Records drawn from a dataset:

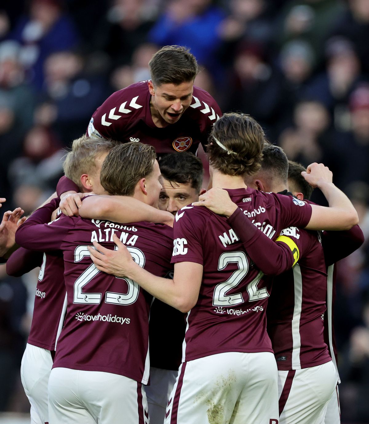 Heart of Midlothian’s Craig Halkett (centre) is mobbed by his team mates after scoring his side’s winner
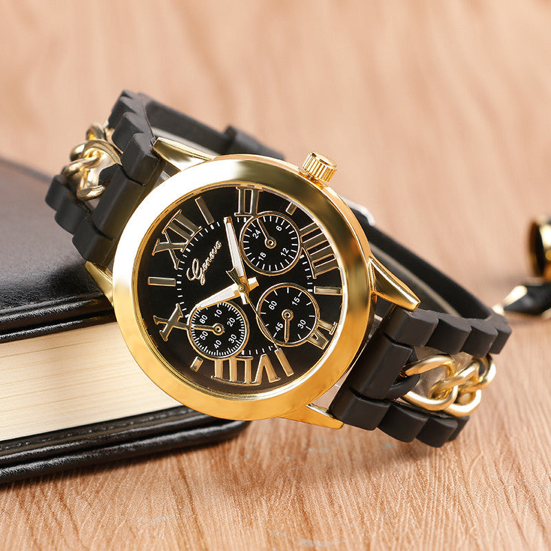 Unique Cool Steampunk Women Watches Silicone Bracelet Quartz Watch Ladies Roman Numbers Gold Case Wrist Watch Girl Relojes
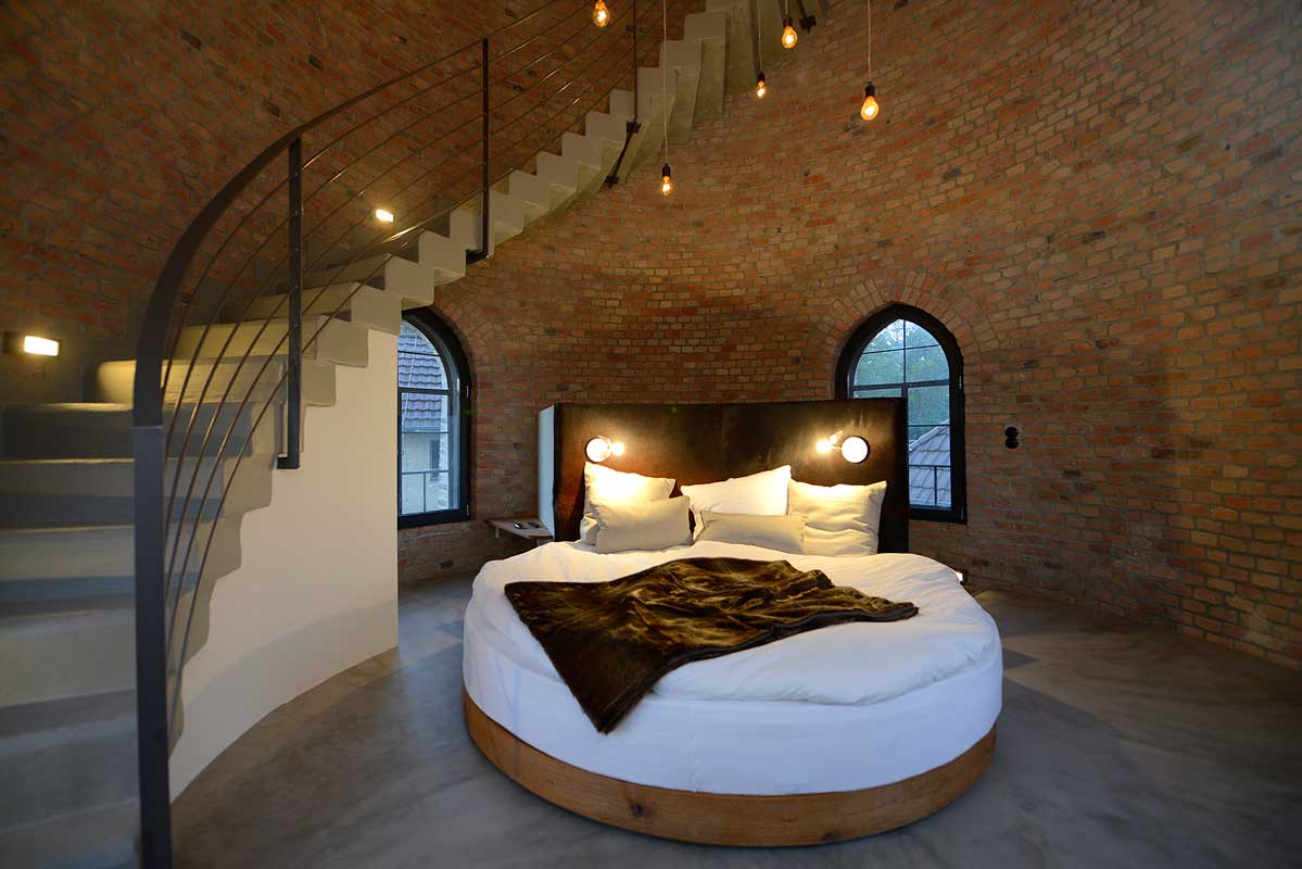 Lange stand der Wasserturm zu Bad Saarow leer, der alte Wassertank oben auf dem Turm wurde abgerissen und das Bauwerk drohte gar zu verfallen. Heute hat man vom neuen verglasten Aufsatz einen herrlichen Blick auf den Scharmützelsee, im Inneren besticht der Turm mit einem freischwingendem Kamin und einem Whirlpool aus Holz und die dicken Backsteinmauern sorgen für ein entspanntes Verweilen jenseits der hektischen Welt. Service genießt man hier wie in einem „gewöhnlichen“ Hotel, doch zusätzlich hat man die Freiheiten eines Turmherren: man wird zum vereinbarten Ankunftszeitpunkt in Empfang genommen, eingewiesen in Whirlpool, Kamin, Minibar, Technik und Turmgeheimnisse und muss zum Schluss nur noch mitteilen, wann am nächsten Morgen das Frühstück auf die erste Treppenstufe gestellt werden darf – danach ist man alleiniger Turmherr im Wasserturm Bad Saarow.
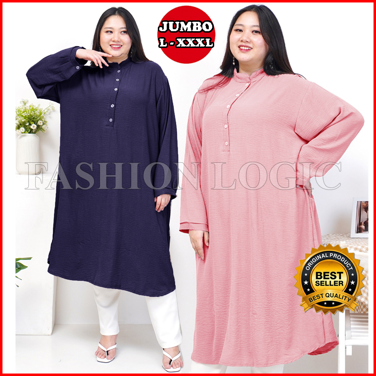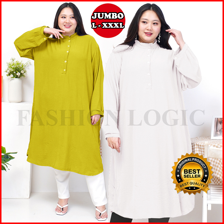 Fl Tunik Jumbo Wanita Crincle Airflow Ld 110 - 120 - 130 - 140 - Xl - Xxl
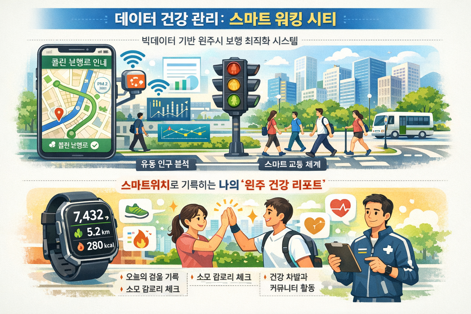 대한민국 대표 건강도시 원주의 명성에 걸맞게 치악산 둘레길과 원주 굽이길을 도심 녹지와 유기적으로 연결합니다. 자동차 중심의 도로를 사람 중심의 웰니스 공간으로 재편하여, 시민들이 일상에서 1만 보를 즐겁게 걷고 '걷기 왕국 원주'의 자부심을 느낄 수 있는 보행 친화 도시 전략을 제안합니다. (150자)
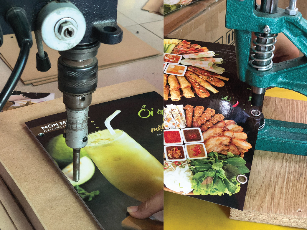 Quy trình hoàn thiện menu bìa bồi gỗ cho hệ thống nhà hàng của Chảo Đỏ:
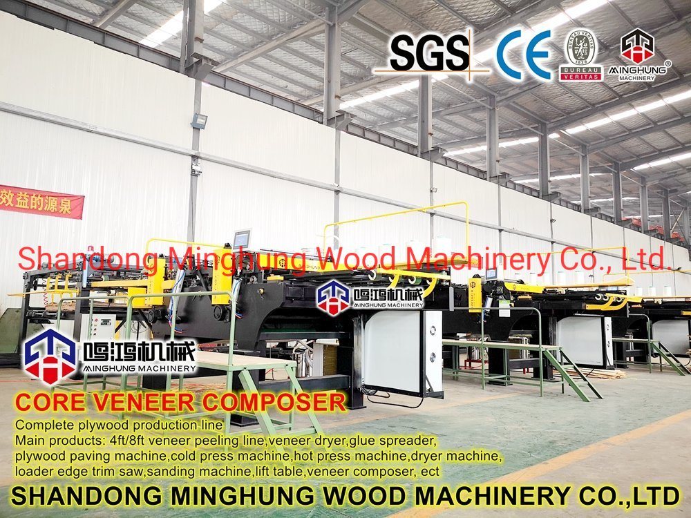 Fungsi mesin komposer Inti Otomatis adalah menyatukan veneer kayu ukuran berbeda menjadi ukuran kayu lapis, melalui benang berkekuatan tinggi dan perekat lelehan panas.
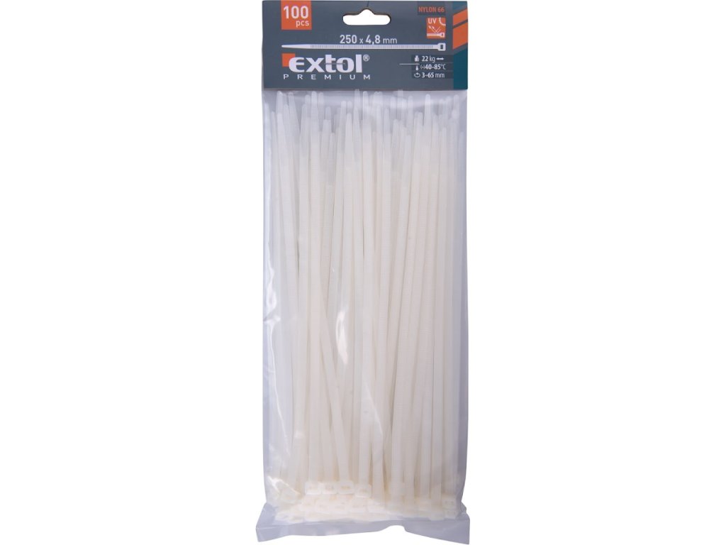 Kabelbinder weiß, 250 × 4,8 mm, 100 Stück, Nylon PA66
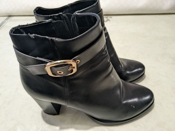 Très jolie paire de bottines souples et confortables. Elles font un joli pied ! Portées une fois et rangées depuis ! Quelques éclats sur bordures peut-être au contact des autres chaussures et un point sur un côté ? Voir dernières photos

▶ **TASK OBJECTIVE**: Write out the lines above from the one with "Lange stand der" through the one with "Kabelbinder weiß, 250", ends included, exactly; no picture goes in.

▶ **SOLUTION TO THIS TASK**:
 Lange stand der Wasserturm zu Bad Saarow leer, der alte Wassertank oben auf dem Turm wurde abgerissen und das Bauwerk drohte gar zu verfallen. Heute hat man vom neuen verglasten Aufsatz einen herrlichen Blick auf den Scharmützelsee, im Inneren besticht der Turm mit einem freischwingendem Kamin und einem Whirlpool aus Holz und die dicken Backsteinmauern sorgen für ein entspanntes Verweilen jenseits der hektischen Welt. Service genießt man hier wie in einem „gewöhnlichen“ Hotel, doch zusätzlich hat man die Freiheiten eines Turmherren: man wird zum vereinbarten Ankunftszeitpunkt in Empfang genommen, eingewiesen in Whirlpool, Kamin, Minibar, Technik und Turmgeheimnisse und muss zum Schluss nur noch mitteilen, wann am nächsten Morgen das Frühstück auf die erste Treppenstufe gestellt werden darf – danach ist man alleiniger Turmherr im Wasserturm Bad Saarow.
 Fl Tunik Jumbo Wanita Crincle Airflow Ld 110 - 120 - 130 - 140 - Xl - Xxl
 대한민국 대표 건강도시 원주의 명성에 걸맞게 치악산 둘레길과 원주 굽이길을 도심 녹지와 유기적으로 연결합니다. 자동차 중심의 도로를 사람 중심의 웰니스 공간으로 재편하여, 시민들이 일상에서 1만 보를 즐겁게 걷고 '걷기 왕국 원주'의 자부심을 느낄 수 있는 보행 친화 도시 전략을 제안합니다. (150자)
 Quy trình hoàn thiện menu bìa bồi gỗ cho hệ thống nhà hàng của Chảo Đỏ:
 Fungsi mesin komposer Inti Otomatis adalah menyatukan veneer kayu ukuran berbeda menjadi ukuran kayu lapis, melalui benang berkekuatan tinggi dan perekat lelehan panas.
 Kabelbinder weiß, 250 × 4,8 mm, 100 Stück, Nylon PA66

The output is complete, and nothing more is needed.